#### WHAT THE TASK REQUIRES:
Below is a listing; retype exactly the line with "There will be" and every line after it through the end, and only those, leaving out the pictures.

#### RECORDS PROVIDED:
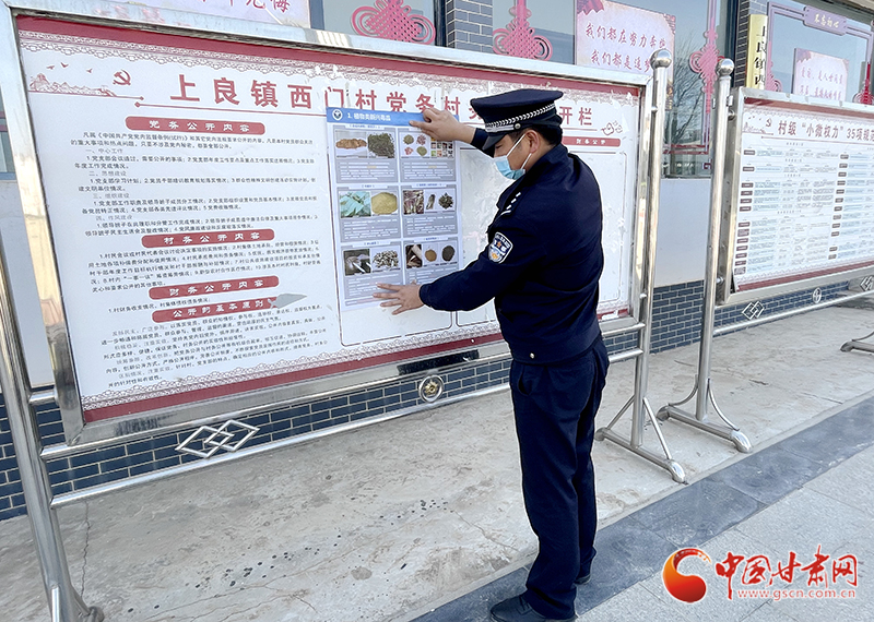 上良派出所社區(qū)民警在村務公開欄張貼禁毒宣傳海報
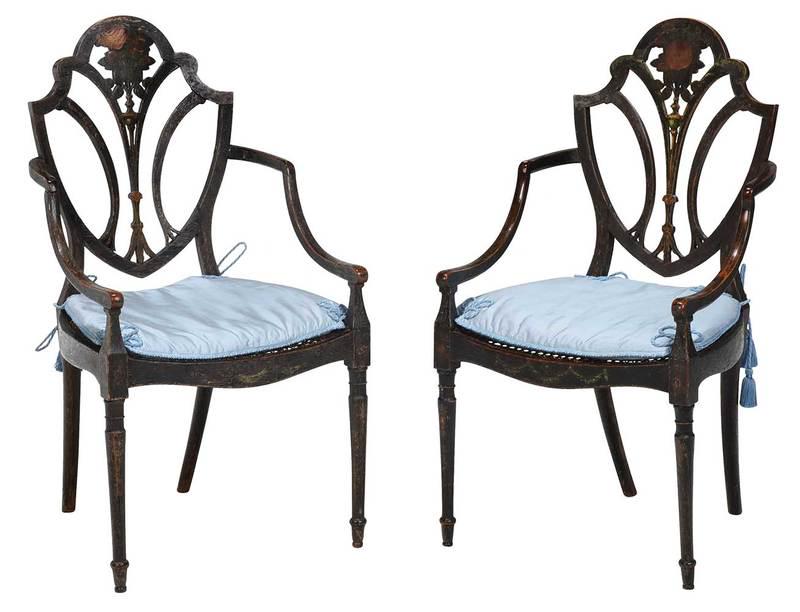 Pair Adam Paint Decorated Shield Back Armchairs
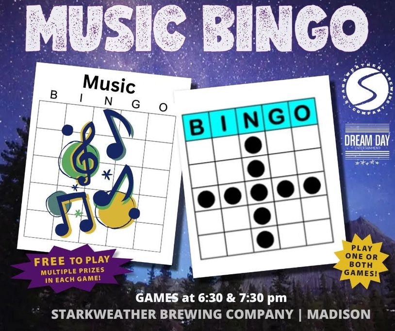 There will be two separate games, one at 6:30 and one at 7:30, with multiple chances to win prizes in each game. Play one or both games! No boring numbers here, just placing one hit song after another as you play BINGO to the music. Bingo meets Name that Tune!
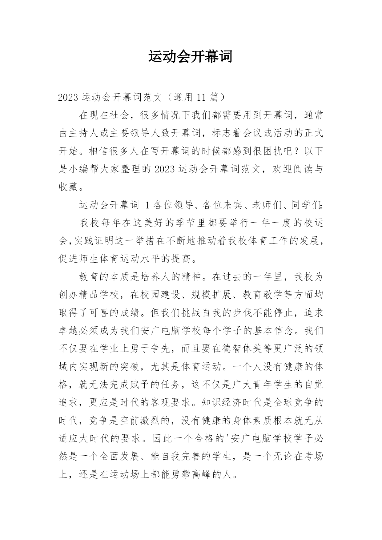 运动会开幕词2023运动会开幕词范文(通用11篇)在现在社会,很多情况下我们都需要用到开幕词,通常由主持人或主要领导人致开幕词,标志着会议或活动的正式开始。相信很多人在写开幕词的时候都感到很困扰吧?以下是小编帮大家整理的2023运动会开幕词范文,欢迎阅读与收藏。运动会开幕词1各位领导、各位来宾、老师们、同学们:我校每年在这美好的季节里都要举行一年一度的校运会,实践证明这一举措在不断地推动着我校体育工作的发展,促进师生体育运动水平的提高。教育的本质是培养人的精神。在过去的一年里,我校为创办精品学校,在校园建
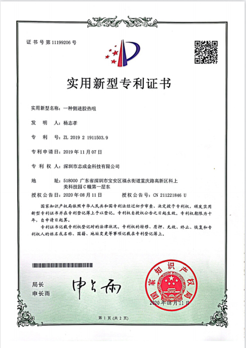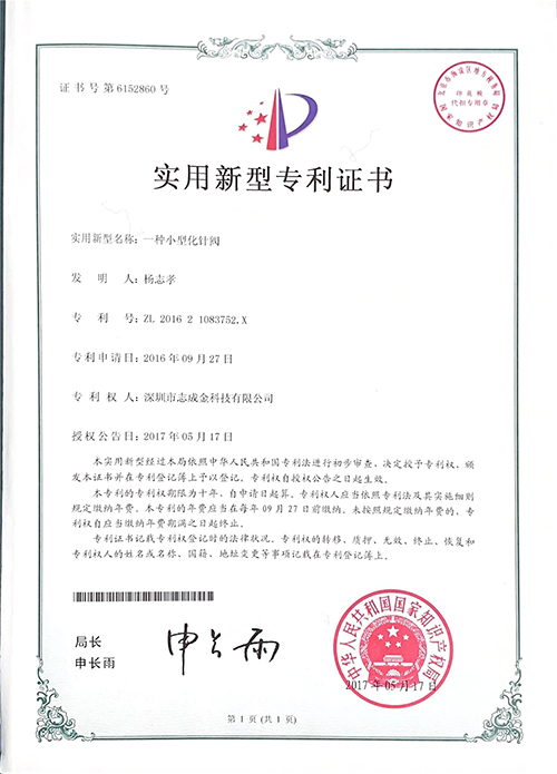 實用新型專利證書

#### SOLUTION FOR THIS TASK:
 There will be two separate games, one at 6:30 and one at 7:30, with multiple chances to win prizes in each game. Play one or both games! No boring numbers here, just placing one hit song after another as you play BINGO to the music. Bingo meets Name that Tune!
 运动会开幕词2023运动会开幕词范文(通用11篇)在现在社会,很多情况下我们都需要用到开幕词,通常由主持人或主要领导人致开幕词,标志着会议或活动的正式开始。相信很多人在写开幕词的时候都感到很困扰吧?以下是小编帮大家整理的2023运动会开幕词范文,欢迎阅读与收藏。运动会开幕词1各位领导、各位来宾、老师们、同学们:我校每年在这美好的季节里都要举行一年一度的校运会,实践证明这一举措在不断地推动着我校体育工作的发展,促进师生体育运动水平的提高。教育的本质是培养人的精神。在过去的一年里,我校为创办精品学校,在校园建
 實用新型專利證書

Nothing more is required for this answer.